This article needs additional citations for verification .(April 2014) |
Stable release | 3.7.2 [1] / 14 June 2016 |
---|---|
Written in | C, Perl, PHP, Python |
Operating system | Cross-platform |
Available in | English |
Type | Distributed monitoring |
License | BSD license |
Website | www |
Ganglia is a scalable, distributed monitoring tool for high-performance computing systems, clusters and networks. The software is used to view either live or recorded statistics covering metrics such as CPU load averages or network utilization for many nodes.
Ganglia software is bundled with enterprise-level Linux distributions such as Red Hat Enterprise Linux (RHEL) or the CentOS repackaging of the same. Ganglia grew out of requirements for monitoring systems by Berkeley (University of California) but now sees use by commercial and educational organisations such as Cray, MIT, NASA and Twitter.

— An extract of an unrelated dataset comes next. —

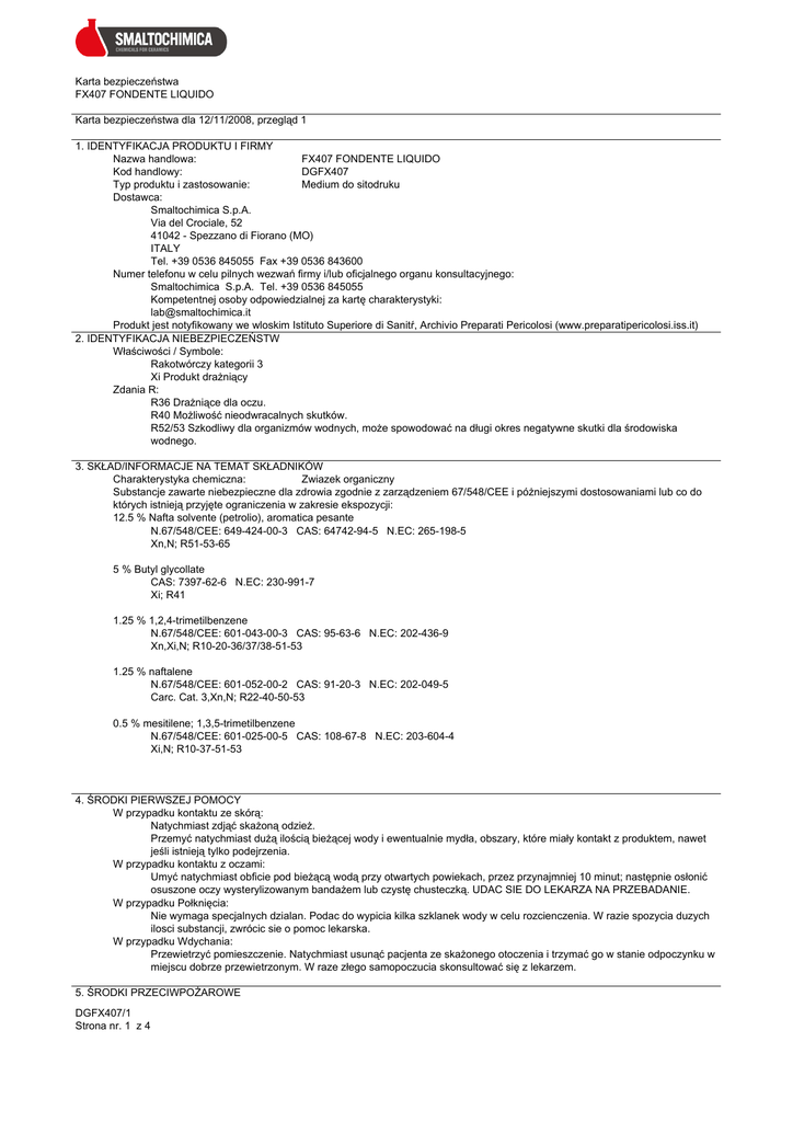 Karta bezpieczeñstwa FX407 FONDENTE LIQUIDO Karta bezpieczeñstwa dla 12/11/2008, przegl±d 1 1. IDENTYFIKACJA PRODUKTU I FIRMY Nazwa handlowa: FX407 FONDENTE LIQUIDO Kod handlowy: DGFX407 Typ produktu i zastosowanie: Medium do sitodruku Dostawca: Smaltochimica S.p.A. Via del Crociale, 52 41042 - Spezzano di Fiorano (MO) ITALY Tel. +39 0536 845055 Fax +39 0536 843600 Numer telefonu w celu pilnych wezwañ firmy i/lub oficjalnego organu konsultacyjnego: Smaltochimica S.p.A. Tel. +39 0536 845055 Kompetentnej osoby odpowiedzialnej za kartê charakterystyki: [email protected] Produkt jest notyfikowany we wloskim Istituto Superiore di Sanità, Archivio Preparati Pericolosi (www.preparatipericolosi.iss.it) 2. IDENTYFIKACJA NIEBEZPIECZEÑSTW W³a¶ciwo¶ci / Symbole: Rakotwórczy kategorii 3 Xi Produkt dra¿ni±cy Zdania R: R36 Dra¿ni±ce dla oczu. R40 Mo¿liwo¶æ nieodwracalnych skutków. R52/53 Szkodliwy dla organizmów wodnych, mo¿e spowodowaæ na d³ugi okres negatywne skutki dla ¶rodowiska wodnego. 3. SK£AD/INFORMACJE NA TEMAT SK£ADNIKÓW Charakterystyka chemiczna: Zwiazek organiczny Substancje zawarte niebezpieczne dla zdrowia zgodnie z zarz±dzeniem 67/548/CEE i pó¿niejszymi dostosowaniami lub co do których istniej± przyjête ograniczenia w zakresie ekspozycji: 12.5 % Nafta solvente (petrolio), aromatica pesante N.67/548/CEE: 649-424-00-3 CAS: 64742-94-5 N.EC: 265-198-5 Xn,N; R51-53-65 5 % Butyl glycollate CAS: 7397-62-6 N.EC: 230-991-7 Xi; R41 1.25 % 1,2,4-trimetilbenzene N.67/548/CEE: 601-043-00-3 CAS: 95-63-6 N.EC: 202-436-9 Xn,Xi,N; R10-20-36/37/38-51-53 1.25 % naftalene N.67/548/CEE: 601-052-00-2 CAS: 91-20-3 N.EC: 202-049-5 Carc. Cat. 3,Xn,N; R22-40-50-53 0.5 % mesitilene; 1,3,5-trimetilbenzene N.67/548/CEE: 601-025-00-5 CAS: 108-67-8 N.EC: 203-604-4 Xi,N; R10-37-51-53 4. ¦RODKI PIERWSZEJ POMOCY W przypadku kontaktu ze skór±: Natychmiast zdj±æ ska¿on± odzie¿. Przemyæ natychmiast du¿± ilo¶ci± bie¿±cej wody i ewentualnie myd³a, obszary, które mia³y kontakt z produktem, nawet je¶li istniej± tylko podejrzenia. W przypadku kontaktu z oczami: Umyæ natychmiast obficie pod bie¿±c± wod± przy otwartych powiekach, przez przynajmniej 10 minut; nastêpnie os³oniæ osuszone oczy wysterylizowanym banda¿em lub czystê chusteczk±. UDAC SIE DO LEKARZA NA PRZEBADANIE. W przypadku Po³kniêcia: Nie wymaga specjalnych dzialan. Podac do wypicia kilka szklanek wody w celu rozcienczenia. W razie spozycia duzych ilosci substancji, zwrócic sie o pomoc lekarska. W przypadku Wdychania: Przewietrzyæ pomieszczenie. Natychmiast usun±æ pacjenta ze ska¿onego otoczenia i trzymaæ go w stanie odpoczynku w miejscu dobrze przewietrzonym. W raze z³ego samopoczucia skonsultowaæ siê z lekarzem. 5. ¦RODKI PRZECIWPO¯AROWE DGFX407/1 Strona nr. 1 z 4 Karta bezpieczeñstwa FX407 FONDENTE LIQUIDO Odpowiednie ¶rodki ga¶nicze: Woda. Ga¶nice zakazane: ¯adna w szczególno¶ci. Ryzyka spalania: Unikaæ wdychania dymów. ¦rodki ochrony: Zastosowaæ os³ony na drogi oddechowe. Specjalne procedury do zwalczania pozaru: Brak. 6. ¦RODKI W RAZIE PRZYPADKOWEGO WYDOSTANIA SIÊ ¦rodki ostro¿no¶ci indywidualne: Za³o¿yæ maskê, rêkawice i odzie¿ ochronn±. ¦rodki ochrony ¶rodowiska: Zasklepiæ ubytki przy u¿yciu ziemi lub piasku. Je¶li produkt jest rozpuszczony w sp³ywie wodnym, sieci kanalizacyjnej lub skazi³ pod³o¿e terenowe lub ro¶linno¶æ, powiadomiæ o tym kompetente w³adze. Metody oczyszczania: Szybko zebraæ produkt po za³o¿eniu maski i odzie¿y ochronnej. Po zebraniu, umyæ wod± zainteresowan± strefê i materia³y. 7. MANIPULACJA I MAGAZYNOWANIE ¦rodki ostro¿no¶ci przy manipulowaniu: Podczas pracy nie je¶æ ani nie piæ. W miare mozliwosci unikac bezposredniego kontaktu z produktem. Ograniczenie narazenia patrz rozdzial 8. Materia³y niekompatybilne: ¯aden w szczególno¶ci. Zobacz równie¿ nastêpny paragraf 10. Warunki sk³adowania: Produkt przechowywac w oryginalnych opakowaniach, zawsze szczelnie zamknietych. Wskazówka dla pomieszczeñ: Pomieszczenia odpowiednio przewietrzone. 8. KONTROLA EKSPOZYCJI/ OCHRONY INDYWIDUALNEJ ¦rodki ostro¿no¶ci: Zapewnic odpowiednia wentylacje pomieszczen, w których jest produkt przechowywany lub poddawany manipulacji, aby utrzymac poziom narazenia ponizej wartosci granicznej. Ochrona dróg oddechowych: Nie wymaga sie przy normalnym zastosowaniu. W specyficznych sytuacjach przy pracy (przyklad: mycie, konserwacja), przy których istnieje mozliwosc nadmiernego narazenia, stosowac maski lub pól-maski do ochrony przed pylem, lub wyposazone w filtr chroniacy przed parami organicznymi, w zaleznosci od charakteru produktu. Z odniesieniem do przepisów UNI EN 149 (pyly), oraz UNI EN 371 (pary organiczne). Ochrona r±k: Uzywac nieprzemakalne rekawice (przyklad: PCV, neopren, guma). Zywotnosc materialu tworzacego strukture zalezy od czestotliwosci i czasu trwania narazenia. Z odniesieniem do przepisów UNI EN 374-1, 374-2, 374-3. Ochrona oczu: Nie wymaga sie przy normalnym zastosowaniu. W razie operacji, które moglyby prowadzic do przypadkowego kontaktu z oczami, uzywac okulary lub maske ochronna. Z odniesieniem do przepisów UNI EN 166. Ochrona skóry: Przy normalnym zastosowaniu nie wymaga specjalnych zabezpieczen. Graniczne wartosci narazenia dla zawartych substancji (Zal. VIII dekretu legislacyjnego 626/94): Graniczne wartosci narazenia (Wytyczna 2000/39/WE): 1,3,5-trimethylbenzene OEL- 8 hours: 100 mg/mc Ograniczenia ekspozycji zawartych substancji: 1,2,4-trimetilbenzene TLV TWA: 100 mg/mc naftalene TLV TWA: 52 mg/mc TLV STEL: 79 mg/mc Kontrola narazenia srodowiska. Urzadzenia wentylacyjne powinny byc wyposazone w odpowiedni system filtrujacy substancje zanieczyszczajace, uniemozliwiajac ich emisje do srodowiska, zgodnie z ustaleniami zawartymi w DPR 203/88). Woda, zawierajaca produkt lub jego resztki, musi byc zebrana. Nie wolno jej odprowadzac do kanalizacji lub wodociagów bez uprzedniej zgody, w mysl odnosnej nor

It is based on a hierarchical design targeted at federations of clusters. It relies on a multicast-based listen/announce protocol to monitor state within clusters and uses a tree of point-to-point connections amongst representative cluster nodes to federate clusters and aggregate their state. It leverages widely used technologies such as XML for data representation, XDR for compact, portable data transport, and RRDtool for data storage and visualization. It uses carefully engineered data structures and algorithms to achieve very low per-node overheads and high concurrency. The implementation is robust, has been ported to an extensive set of operating systems and processor architectures, and is currently in use on over 500 clusters around the world. It has been used to link clusters across university campuses and around the world and can scale to handle clusters with 2000 nodes. [2]
The ganglia system comprises two unique daemons, a PHP-based web front-end, and a few other small utility programs.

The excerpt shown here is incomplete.